:: WHAT IS BEING ASKED ::
Please give back the listing exactly, without any of its pictures.

:: DATA EXTRACT ::
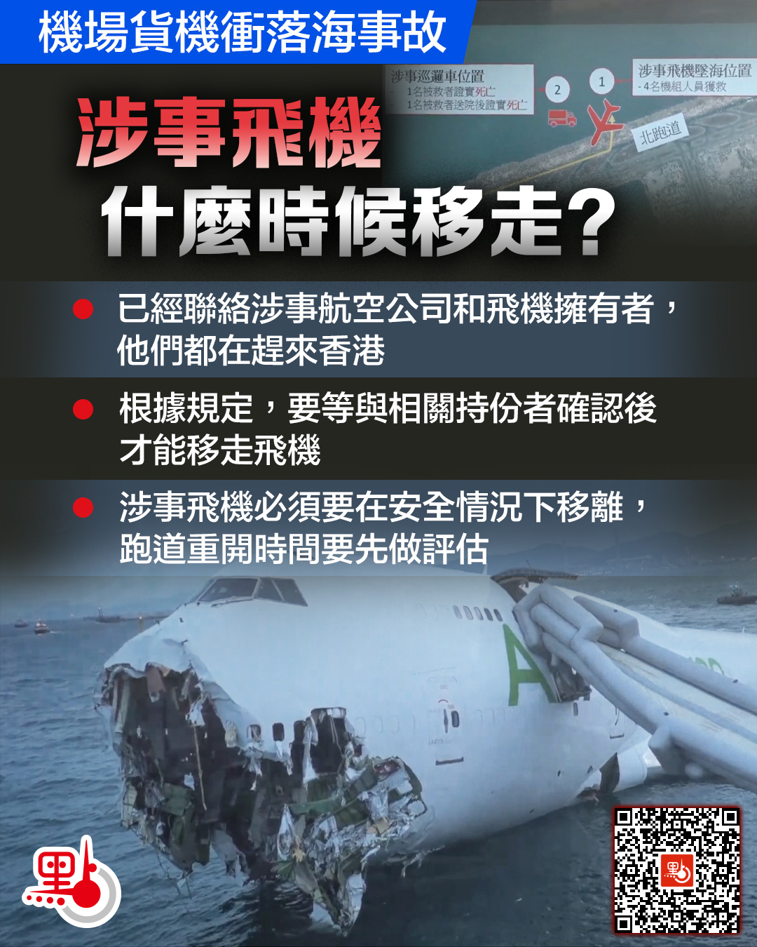 姚兆聰表示,涉事飛機必須要在安全情況下移離,飛機擁有人與涉及的航空公司負責人正趕來香港,抵達後會與他們商量如何盡快打撈移走飛機。
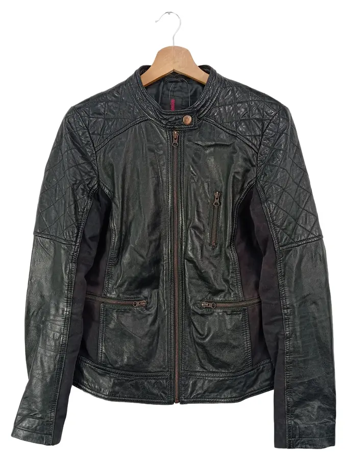Damen Lederjacke Schwarz Gr. 38/M Vintage Streetwear
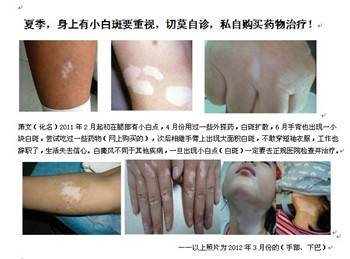 白癜风中医称“癜风”或“白驳风”,是一种色素脱落的皮肤病,开始出现无自觉症状的局部皮肤变白,逐渐扩大,白斑是淡白色的或乳白色,形状大小不异,境界清楚,表面光滑,无皮屑。

:: TASK RESULT ::
 姚兆聰表示,涉事飛機必須要在安全情況下移離,飛機擁有人與涉及的航空公司負責人正趕來香港,抵達後會與他們商量如何盡快打撈移走飛機。
Damen Lederjacke Schwarz Gr. 38/M Vintage Streetwear
 白癜风中医称“癜风”或“白驳风”,是一种色素脱落的皮肤病,开始出现无自觉症状的局部皮肤变白,逐渐扩大,白斑是淡白色的或乳白色,形状大小不异,境界清楚,表面光滑,无皮屑。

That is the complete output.